[picture:OPTI-NUM header graphic]


Newsletters
November 2008

November 2008

Back to main newsletter


The Need for Parallel Computing

In this part of the newsletter, we discuss types of parallel computing problems, and introduce the different levels of support provided by Parallel Computing Toolbox in order to address parallel computing problems.

 

Why is parallel computing important to me?

More and more researchers, engineers and scientists are finding a need for parallel and distributed computing, for some or all of the following reasons:

  • They have computing tasks that they would like to run faster.
  • This is called a task bottleneck
  • They are working with datasets that are too big for the memory of their machines.
  • This is called a data bottleneck
  • They want to utilise the extra computing power they have available on their desktop, in their department, or on a dedicated computing resource (such as a computer cluster).

Task-parallel problems

Task-parallel problems, such as parameter sweeps and Monte Carlo simulations, take a long time to run because there are so many different combinations, and each needs to be executed separately.  Running such problems serially scales linearly with time. In order to address this problem, the user could distribute the task over multiple machines, where each runs a smaller part of the problem. However, users then need to be aware of the size and shape of the problem in great detail, in order to optimise their computing on each machine and then efficiently gathering the results. For this reason, most users have shied away from parallelising their code, as this complication in their code means they would divert attention away from their task to the task of being aware of which computational node had executed each computation.  Consequently, many users have resorted in the past to running far fewer simulations, and much coarser parameter sweeps.  When this is not possible, many researchers have felt no other option exists except to wait for their problem to be solved serially.

Data-parallel problems

Some problems are just too big for one computer.  As your dataset grows, inevitably your hardware will soon no longer be able to support all the operations you need to perform.  While it is possible to get applications to communicate with “virtual” memory, this requires a high level of expertise from users. Users have instead resorted to using reduced datasets, and using less accurate, but less resource-hungry, operations on their data.  This results in a lack of precision, increased algorithm development time, and requires careful data reduction techniques.
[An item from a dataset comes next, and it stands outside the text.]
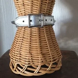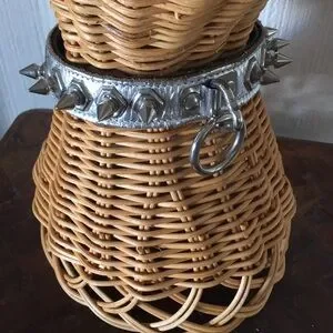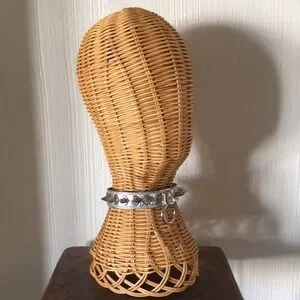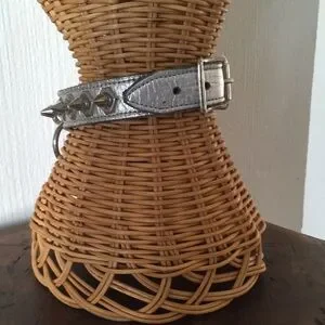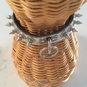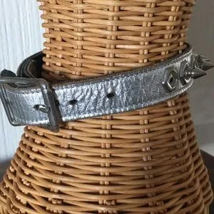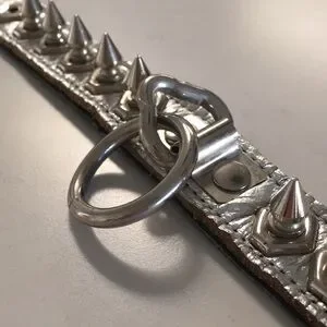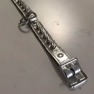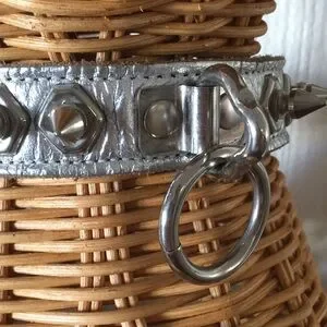 Silver spiked leather lead collar costume Fetish Halloween GoGo Dancer

Solving task-parallel and data-parallel problems with MATLAB

Parallel Computing Toolbox lets you solve computationally and data-intensive problems using MATLAB and Simulink on multi-core and multi-processor computers.  You can use the toolbox to execute applications on a multi-core or multi-processor desktop. Without changing the code, you can run the same application on a computer cluster (using MATLAB Distributed Computing Server™). With the release of Parallel Computing Toolbox 4.0, Parallel MATLAB applications can be distributed as executables or shared libraries (built using MATLAB Compiler™) that can access MATLAB Distributed Computing Server.

MATLAB’s parallel computing solutions provide multiple levels of “user involvement” with task and/or data parallelisation.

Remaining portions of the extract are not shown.